Türkiye bu haksız suçlamaya karşı salt tepkisel (reaktif) değil, çok yönlü önalıcı (proaktif) bir yordam (strateji) belirlemeli ve uygulamalıdır. Sözde soykırım suçlamalarına karşı tepkiler
24 Nisanlarla sınırlanmamalıdır. Bu kapsamda;.

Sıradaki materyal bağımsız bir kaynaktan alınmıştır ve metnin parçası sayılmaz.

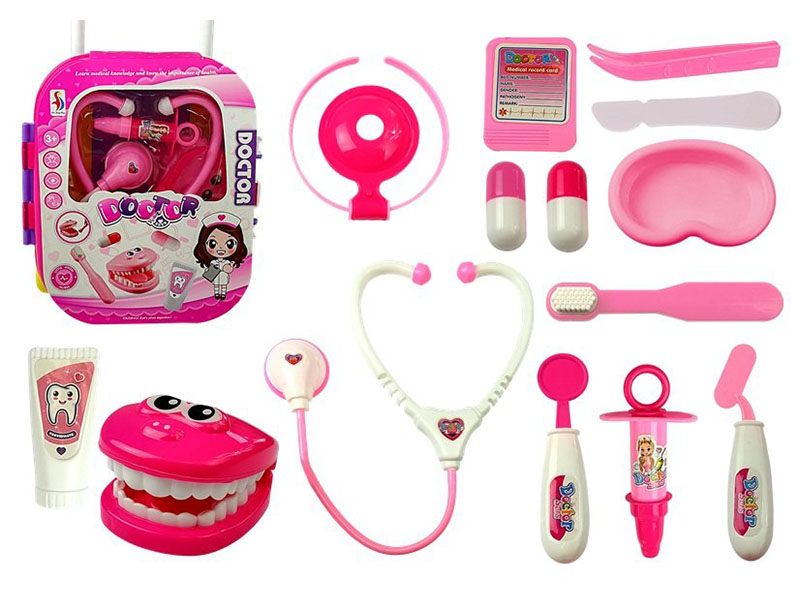 Obstajajo otroci, ki že od malih nog vedo, kaj želijo početi. Če vaš otrok zdravi vse igrače in pravi, da želi biti zdravnik, ga opremite s tem malim zobozdravniškim kovčkom. Njegova bogata več delna oprema in estetsko izdelani medicinski instrumenti bodo spodbudili domišljijo vašega otroka in mu omogočili združevanje fantastične zabave z učenjem in razvojem lastnih strasti. Skrbno posnemanje resničnih medicinskih instrumentov bo razveselilo vašega otroka. Vključitev takšnih kompletov na igrišče je tudi odličen način, da svojemu otroku preprosto razložite, da obisk pri zdravniku ni nič strašnega. Velika prednost kompleta je njegova vse stranskost. Igrača je lahko tako kovček, ki ga otrok nosi z ročajem, kot vozilo na kolesih. Komplet je izdelan v belo-pink barvi.

  1. Konu ile ilgili olarak, hükümetten hükümete değişmeyen ulusal bir yordam (strateji) belirlenmelidir,
  2. Bu yordam (strateji) kapsamında bilimsel çalışmalar, halkla ilişkiler (PR) yürütülmeli,
    değişik dillerde film, roman, tiyatro gibi sanat yapıtları üretilmelidir.
  3. Yetkililer, Ermenileri haklı çıkartacak eylem ve söylemlerden kaçınmalıdır.
  4. Konu, okullarda öğretim programlarına alınarak gençlerimiz aydınlatılmalıdır.
  5. ABD Başkanı’nın “soykırım ”suçlamasına ciddi uluslararası tepki gösterilmelidir.
  6. ABD’deki Ermeni lobisine karşı etkili lobicilik yapılmalıdır.
    ***
    Yazının PDF biçimi : Ermeni Soykırımı Yoktur, Cihangir Dumanlı
    =====================================================

Dostlar

Sayın Dumanlı’nın 3 şapkası (General, Hukukçu ve Uluslararası İlişkiler Uzmanı) ile yaptığı irdeleme çok değerli. Kendisine teşekkür ederiz. Biz iki katkı yapmak isteriz :

Ermenistan’ın ilk Başbakanı Kaçaznuni’nin kitabı bir itirafnamedir : Soykırım yapılmadı!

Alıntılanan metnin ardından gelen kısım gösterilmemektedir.